Que crois-tu qu'Alexandre, en revageant la terre,
Cherche parmi l'horreur, le tumulte et la guerre?
Possédé d'un ennui gu'il ne saurait dompter
II craint d'être a lui même et songe à s'éviter…[22]
 
   И тут же с извинением добавил, что когда-то прочитал эти стихи в одной из сатир и случайно запомнил.
   А Давиль вдруг почувствовал себя оскорбленным и гораздо более одиноким, чем за несколько минут до этого. Ему казалось, что перед ним точное изображение «нового поколения» и он дотрагивается до него пальцем. Это и есть то дьявольски беспокойное поколение с его разрушительными мыслями, быстрыми и нездоровыми ассоциациями, поколение, «равнодушное к стихам», но и стихи не оставляющее без внимания, – да еще какого! – особенно если представляется случай использовать их в своих превратных устремлениях, низводящих все на землю, умаляющих и унижающих, ибо они жаждут все свести к самому дурному и низменному в человеке.

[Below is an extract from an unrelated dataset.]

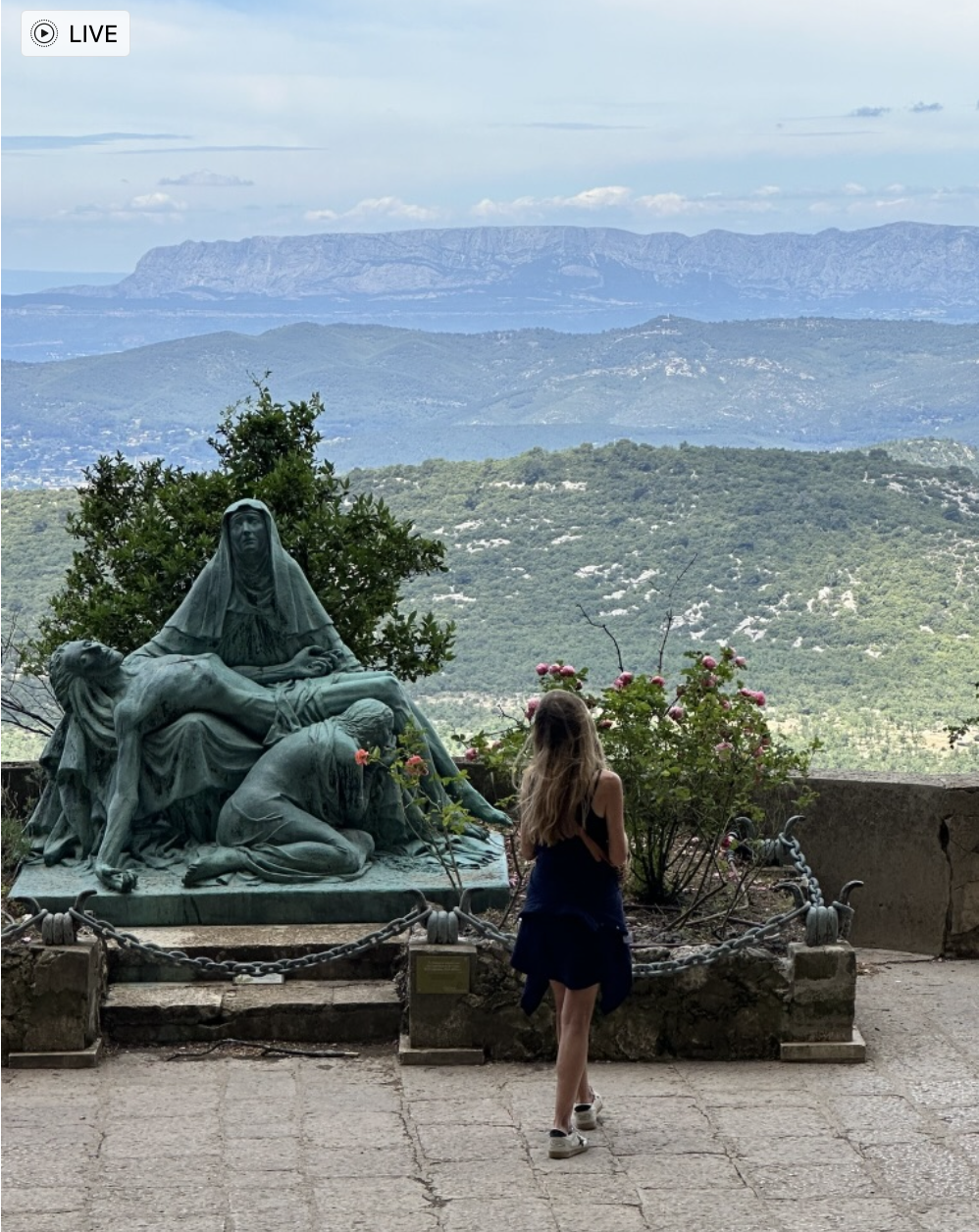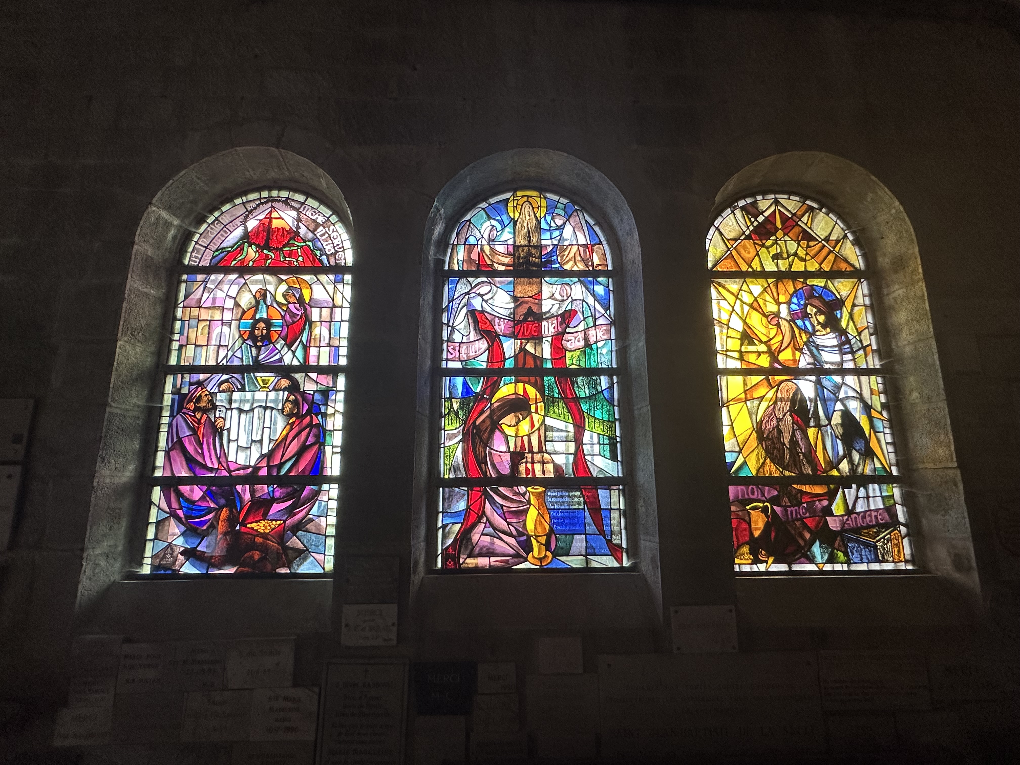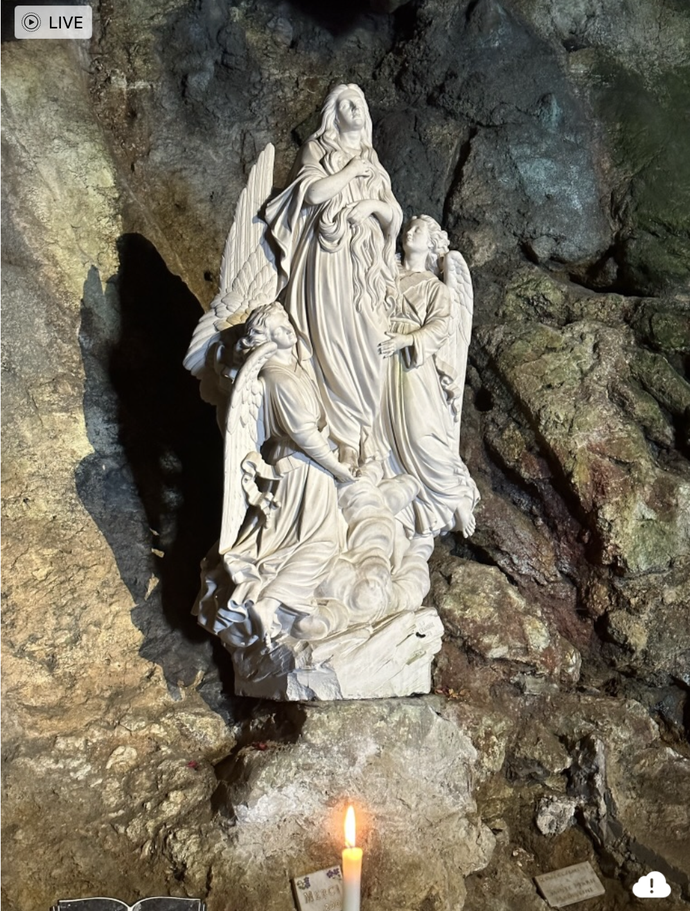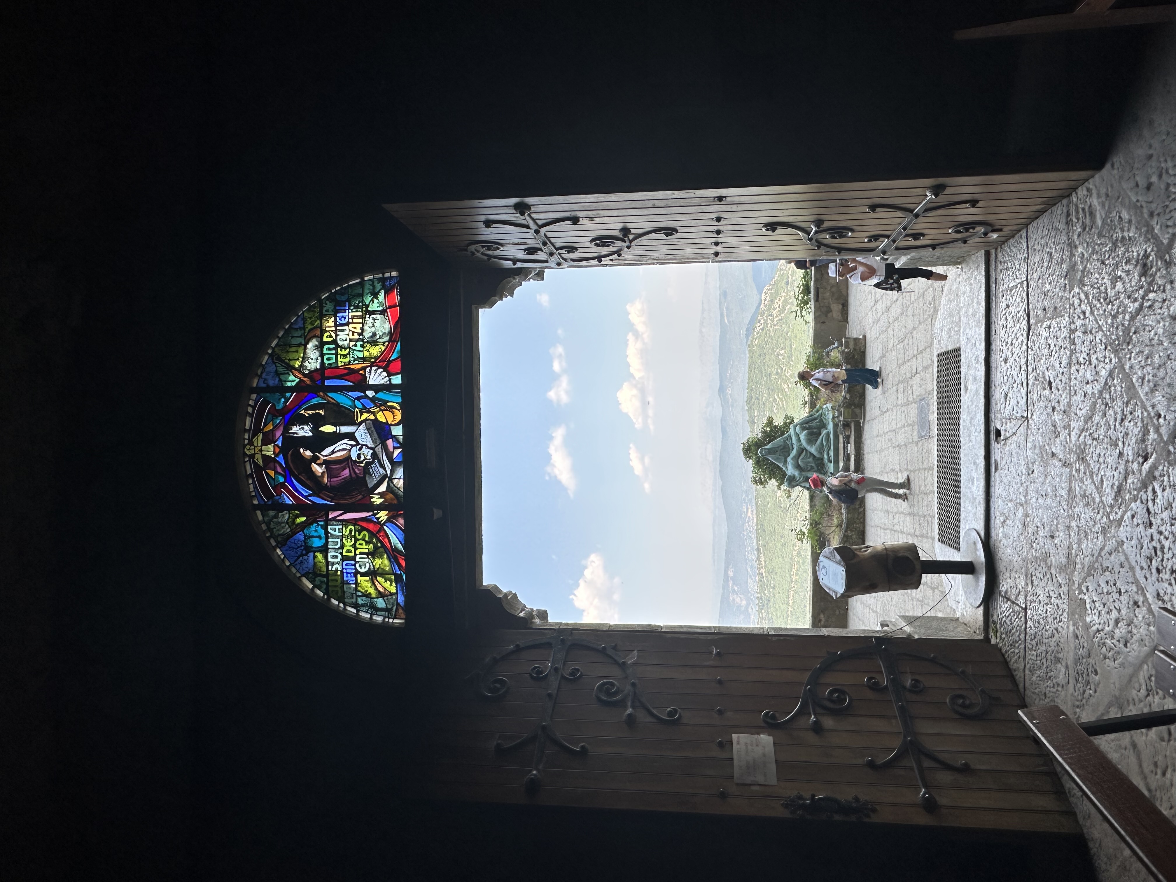 The special energy in the air of Magdalene's Ascension Cave is palpable. You are speechless when you step into the Grotte. Lit with candles, it is utterly beautiful and peaceful. Gorgeous stained glass windows transmute the Sun's light in this place of silence and reflection. Then there is the breathtaking view of the valley below, which is absolutely Spectacular. Mary's presence is everywhere.

   Ничем не выказав своего негодования (до такой степени оно было сильным!), Давиль сразу прекратил разговор и ушел к себе в комнату. Он долго не мог заснуть и даже во сне ощущал чувство горечи, которое порой оставляют самые невинные замечания. И в течение нескольких дней он не мог взять в руки рукопись, лежавшую в картонной папке, связанной зеленым шнуром, – настолько дорогое для него произведение казалось ему оскверненным и грубо осмеянным.
   Дефоссе же не сознавал, что мог чем-нибудь обидеть консула. Его изумительная память редко задерживалась на стихах. И он был доволен, что так удачно их вспомнил, не думая, что они могут иметь какую-то внутреннюю связь с произведением Давиля, быть ему неприятными или повлиять на их взаимоотношения.

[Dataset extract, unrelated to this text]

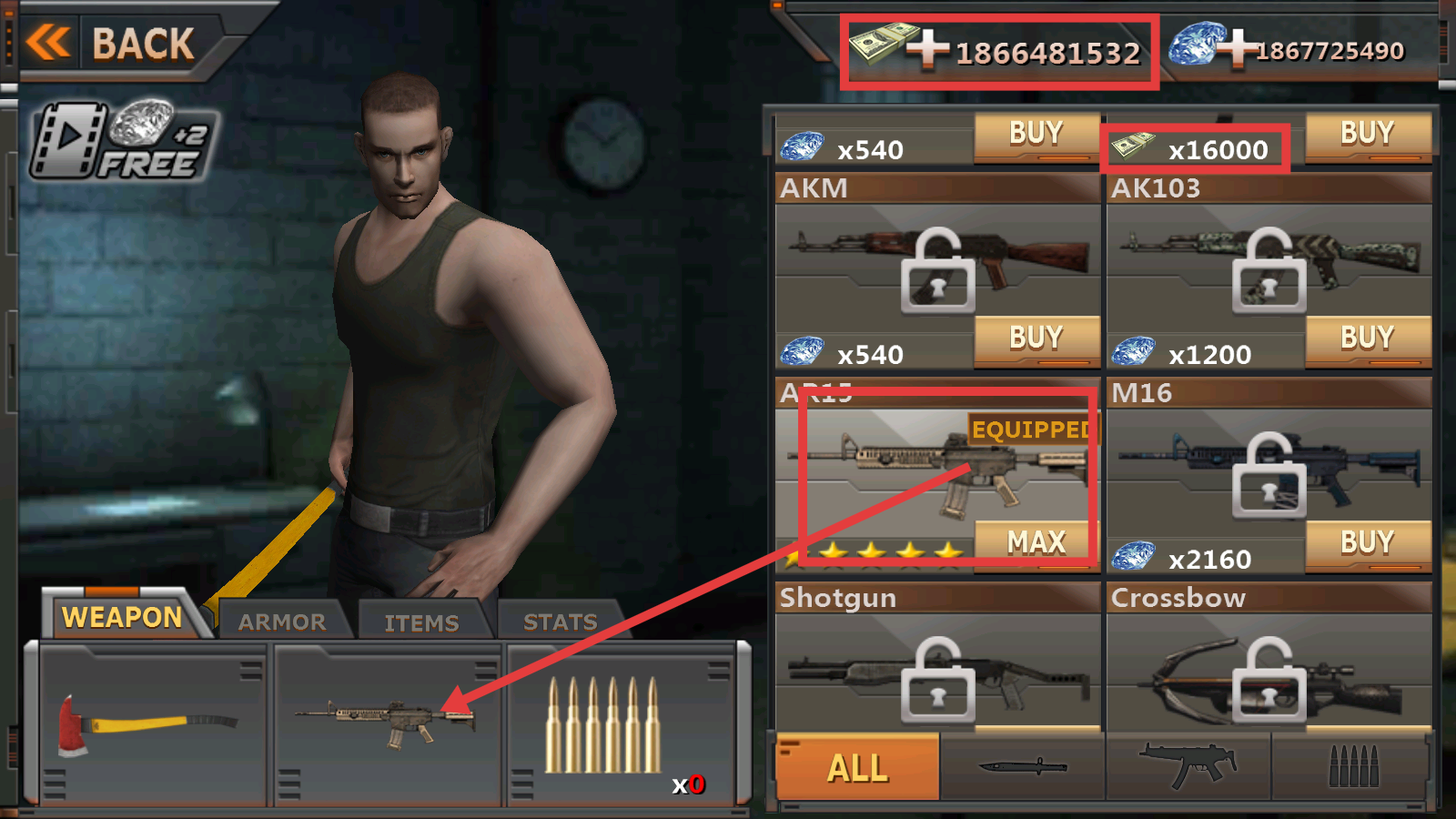 1、在武器界面,可利用大量金钱和钻石资源,选择并装备强力武器以提升战斗能力,不同武器有不同解锁条件,需合理规划资源。

   Спокон веков так бывает, что два сменяющихся и соприкасающихся поколения особенно тяжело переносят и меньше всего знают друг друга. Но многое в этих расхождениях и столкновениях между двумя поколениями покоится, как и вообще большинство конфликтов, на недоразумении.

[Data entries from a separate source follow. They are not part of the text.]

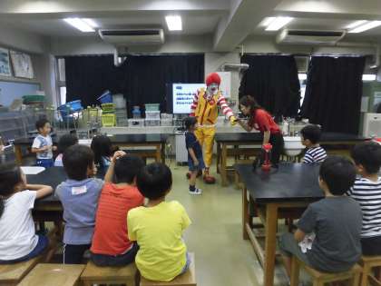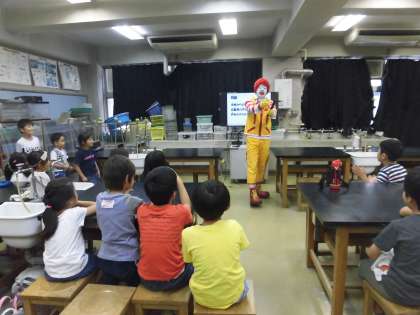 今日、用賀小学校にマクドナルドから、ドナルドさんが来てくださいました。
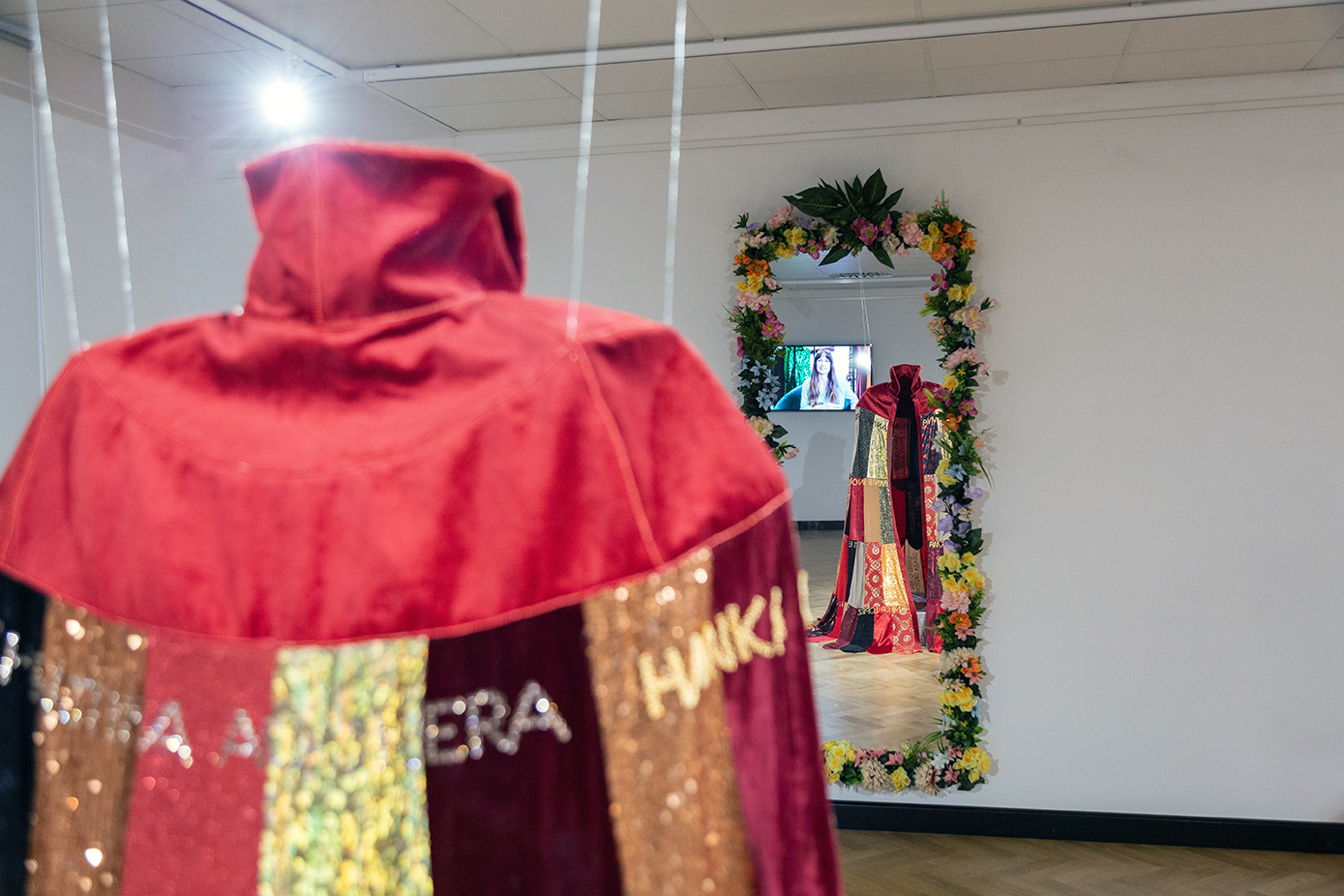 Pamiętacie z baśni pelerynę niewidkę? Kuratorowaną przez Magdalenę Komborską-Łączną wystawę „Smutn* lepszego świata nie zbuduję” zamyka jej przeciwieństwo: peleryna demonstracyjna, która wyławia z tłumu. Nie jest prezentowana na manekinie, tylko na stelażu. Stajesz na postumencie, otulasz się nią i patrzysz w lustro. Kogo widzisz?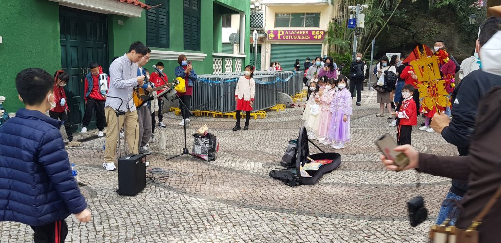 Comme c’est le matin du Nouvel An, c’est très calme. La grande majorité des commerces sont fermés et les habitant de Macau, habillés de rouge, se rendent chez leur famille pour manger. La route jouxtant le square Senado est devenue piétonne et les gens se baladent, prennent des photos. L’ambiance est à la détente.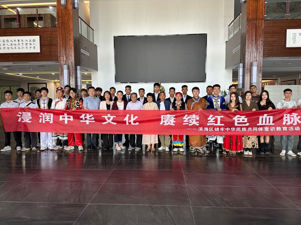 师生代表在滨海区海潮音创意文化产业园感受甲骨文、古汉字以及中华家训等中华传统文化的魅力;在渤海走廊滨海革命展陈馆实地了解抗日战争时期的滨海英雄人物及事迹;参观革命先烈朱剑秋烈士故居原址,缅怀革命先烈,厚植爱国情怀。在交流会上,同学们积极发言,分享彼此的文化习俗和生活故事,感受着不同民族文化魅力,最后,他们纷纷表示将努力学好文化知识,积极投身服务社会,为实现中华民族伟大复兴的中国梦贡献青春力量。
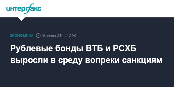 Рублевые бонды ВТБ и РСХБ выросли в среду вопреки санкциям

   Мысль, что Дефоссе, который обидел его в тот вечер и о котором он думал с горечью и негодованием, спит теперь крепким, здоровым сном человека, всегда и во всем испытывающего полное душевное удовлетворение, лишала сна Давиля. Между тем консул мог бы не испытывать этой горечи, так как тут он допускал ошибку. Не каждый, кто днем беспечно смеется и свободно разговаривает с людьми, спокойно спит и счастлив. Молодой Дефоссе не был лишь здоровым и беззаботным молодым человеком «нового типа», слишком рано созревшим и переполненным знаниями, счастливым созданием счастливой империи, каким часто представлял его Давиль. В эту ночь оба француза, каждый по-своему, мучились своей мукой, не будучи в состоянии как следует понять друг друга. Дефоссе тоже на свой лад платил дань новой среде и необычным условиям. Но хоть его средства борьбы были сильнее и их было больше, чем у Давиля, он тоже страдал от скуки и «боснийской тишины», чувствовал, как эта страна и жизнь в ней разъедают его, утомляют и стараются согнуть или сломать, чтобы таким образом сравнять с окружающим.
   Ибо вовсе не легко и не просто быть брошенным на двадцать четвертом году жизни из Парижа в Травник, иметь желания и строить планы, идущие дальше и выше всего, что он видит, и быть вынужденным терпеливо ждать, тогда как все скованные силы и неудовлетворенные запросы молодости восстают и борются против такого ожидания.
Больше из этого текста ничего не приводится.